A thickness of the base layer is equal to or more than 1 μm and equal to or less than 100 μm, for example. A shape of the base layer is a shape such as sheet, film, and the like, for example.

In the sealing resin composition (P) according to the present embodiment, the extraction amount into n-hexane is 100 mg/L or less, but from a viewpoint of more favorable low elution properties, the extraction amount into n-hexane is preferably 50 mg/L or less, more preferably 30 mg/L or less, and particularly preferably 25 mg/L or less. The extraction amount into n-hexane can be adjusted in the range by adjusting the content of the ethylene/unsaturated ester copolymer (A) and the acid-modified styrene copolymer (B), for example.

A lower limit value of the extraction amount into n-hexane is preferably as low as possible, and thus is not particularly limited. The lower limit value is 1 mg/L or more, for example.

In addition, the sealing resin composition (P) according to the present embodiment may be in the following aspect.

The sealing resin composition (P) according to the present embodiment is a sealing resin composition including the ethylene/unsaturated ester copolymer (A) and the acid-modified styrene copolymer (B). When the total content of the ethylene/unsaturated ester copolymer (A) and the acid-modified styrene copolymer (B) in the sealing resin composition is 100% by mass, the content of the ethylene/unsaturated ester copolymer (A) is equal to or more than 60% by mass and equal to or less than 99% by mass, the content of the acid-modified styrene copolymer (B) is equal to or more than 1% by mass and equal to or less than 40% by mass, and the content of the tackifier resin in the sealing resin composition is less than 5% by mass when the total of the sealing resin composition is 100% by mass.

In addition, a sealing material (H) is formed of the sealing resin composition (P).

As described above, according to the examination of the present inventors, it was apparent that the sealing material in the related art containing an ethylene-unsaturated ester copolymer and a tackifier resin used for hermetically sealing a packaging container of food or pharmaceutical products with a lid is poor in low elution properties. For this reason, there was a concern that components constituting the sealing material may be eluted into the contents such as food and pharmaceutical products beyond a standard value.

The present inventors performed intensive examination to resolve the problem.

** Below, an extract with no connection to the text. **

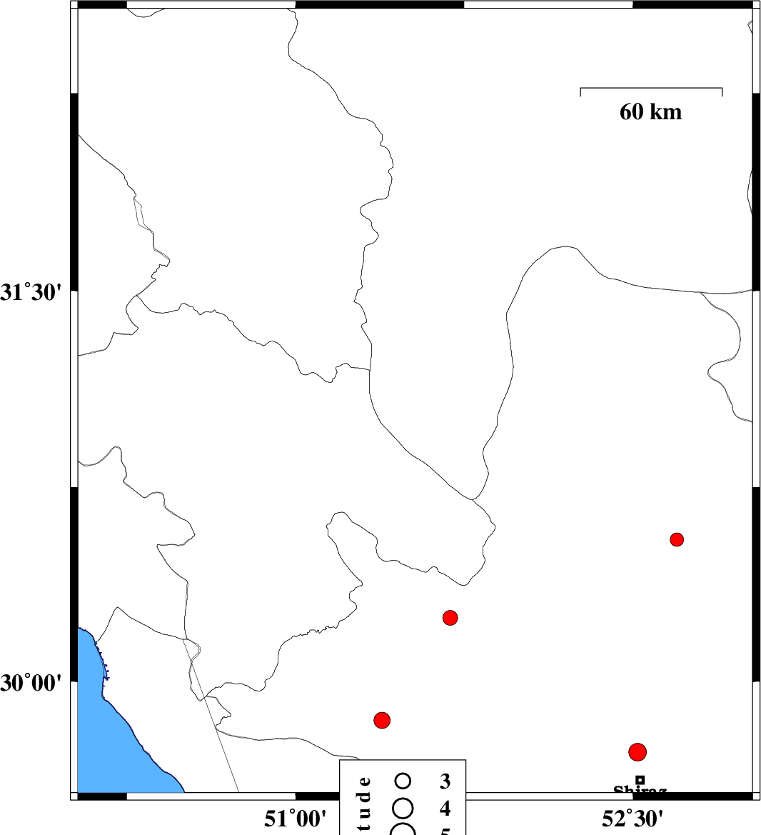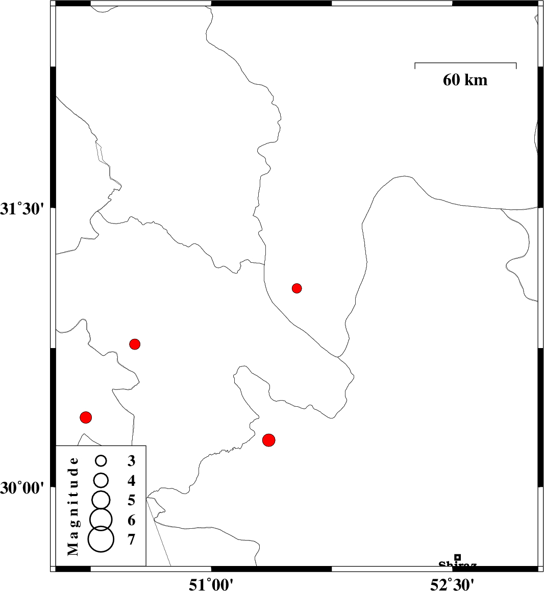 | 2015/11/03 | 03:53:36.1 | 07:23:36.1 | 30.376 | 50.22 | 15 | ML3.3 | Khoozestan Province, 25 km South of Behbahan |

As a result, it was found that it is possible to improve low elution properties of the sealing material by decreasing a content of the tackifier resin in the sealing material, whereas sealing properties in a state where a liquid is adhered onto the sealing material may deteriorate.

That is, the present inventors found that there is room for improvement in the sealing material in the related art from a viewpoint of making the balance between sealing properties in the presence of a liquid and low elution properties favorable.

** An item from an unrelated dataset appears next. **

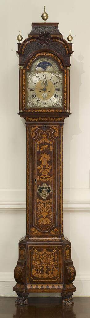 DescriptionThe case is veneered with pieces of various types of woods. The background is a medium-dark wood decorated with lighter-toned motifs of foliage, birds, vines, tulips, vases, butterflies and cupids. Brass ornaments include the claw feet, applied mount on case door, column base and capital flanking the clock face and three finials on the top of the case. The dial is brass with silvered hour hand and engraved numerals. The circular disc within the clock face revolves to show the days of the week, with names being in Dutch. Each division of the disc shows the pagan divinity that gives the name to the day: Apollo/Sunday, Diana/Monday, Mars/Tuesday, Mercury/Wednesday, Jupiter/Thursday, Venus/Friday, and Saturn/Saturday. Above the clock face, a circular disc displays the phases of the moon.
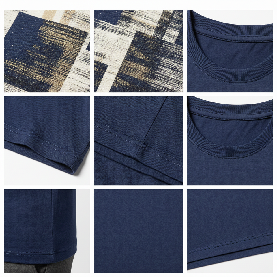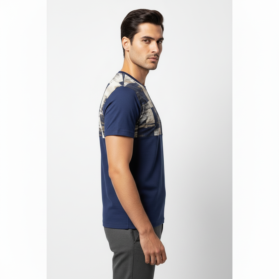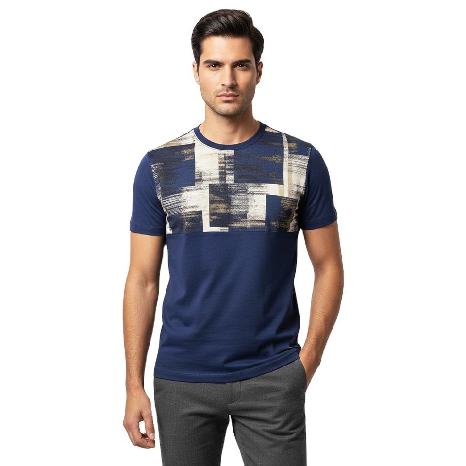 เสื้อยืดแขนสั้นผู้ชายพรีเมียม ดีไซน์เนอร์ พิมพ์ลายซิลค์สกรีน ผ้าฝ้าย 100% ทรงลำลอง กระชับพอดีตัว ดีไซน์โมเดิร์นแบบ Patchwork

The present inventors performed intensive examination to achieve the finding. As a result, the present inventors found that: (1) by combining an acid-modified styrene copolymer with an ethylene/unsaturated ester copolymer at a specific ratio so that an extraction amount into n-hexane is equal to or less than a specific amount, or (2) by combining the acid-modified styrene copolymer with the ethylene/unsaturated ester copolymer at a specific ratio and making a content of a tackifier resin equal to or less than a specific amount, a sealing material (H) excellent in the balance between sealing properties in the presence of a liquid and low elution properties is obtained, thereby completing the invention.

That is, according to the sealing resin composition (P) and the sealing material (H) according to the present embodiment, as each of the content of the ethylene/unsaturated ester copolymer (A) and the content of the acid-modified styrene copolymer (B) is in the range, and the extraction amount into n-hexane is the upper limit value or less or the content of the tackifier resin is the upper limit value or less, it is possible to make the balance between sealing properties in the presence of a liquid and low elution properties favorable.

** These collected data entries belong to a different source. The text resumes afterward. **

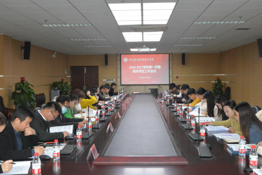 12月29日,我院2020-2021学年第一学期期末学生工作会议在行政楼A216会议室召开。各二级学院分管学生工作领导、学办主任,学生工作部、团委负责人及相关工作人员参会。会议由学院党委副书记吴翼泽主持。
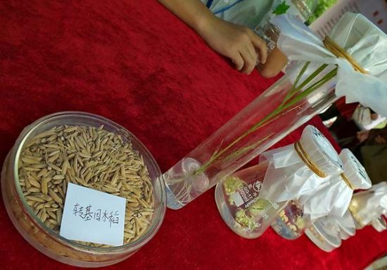 2014年5月16日,湖北省第十四届科技活动周开幕式在宜昌市夷陵广场举行,来自华中农业大学的科技人员展示的转基因水稻。
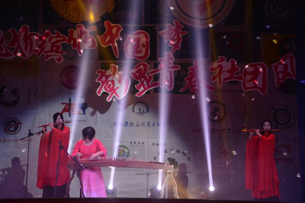 聚光灯重新转回舞台中央,只见两名红衣女子持竹笛缓缓走出,伴着优雅的古筝音,一曲《雨碎江南》将观众带入了另一个古香古色的世界。闭幕式最后一个板块“文化根艺术魂 礼敬中国梦”也就此开始。节奏感十足、技艺高超的B-BOX表演用嘴巴发出十余种不同乐器的声音,婉转华美的戏曲表演《天女散花》,灵动耐听的中英日韩四国歌曲串烧引得全场欢呼不断、掌声连连。由汉宣社带来的舞蹈情景剧表演《洛神赋》,圣洁飘逸的舞姿加之耐人寻味的剧情,让观众们感受到了不一样的历史之风,也为此次晚会画上了一个圆满的句号。

In addition, the sealing material (H) according to the present embodiment is formed of the sealing resin composition (P) according to the present embodiment. The sealing material (H) is excellent in sealing properties with respect to a packaging container, and thus can be appropriately used as a lid material constituting a lid of the packaging container.

In addition, the sealing material (H) according to the present embodiment is formed of the sealing resin composition (P), and thus is excellent in the balance between sealing properties in the presence of a liquid and low elution properties. For this reason, the sealing material (H) according to the present embodiment can be particularly appropriately used as a lid material constituting a lid of a package in which contents in a semi-solid form or liquid form are accommodated in a container main body of a packaging container.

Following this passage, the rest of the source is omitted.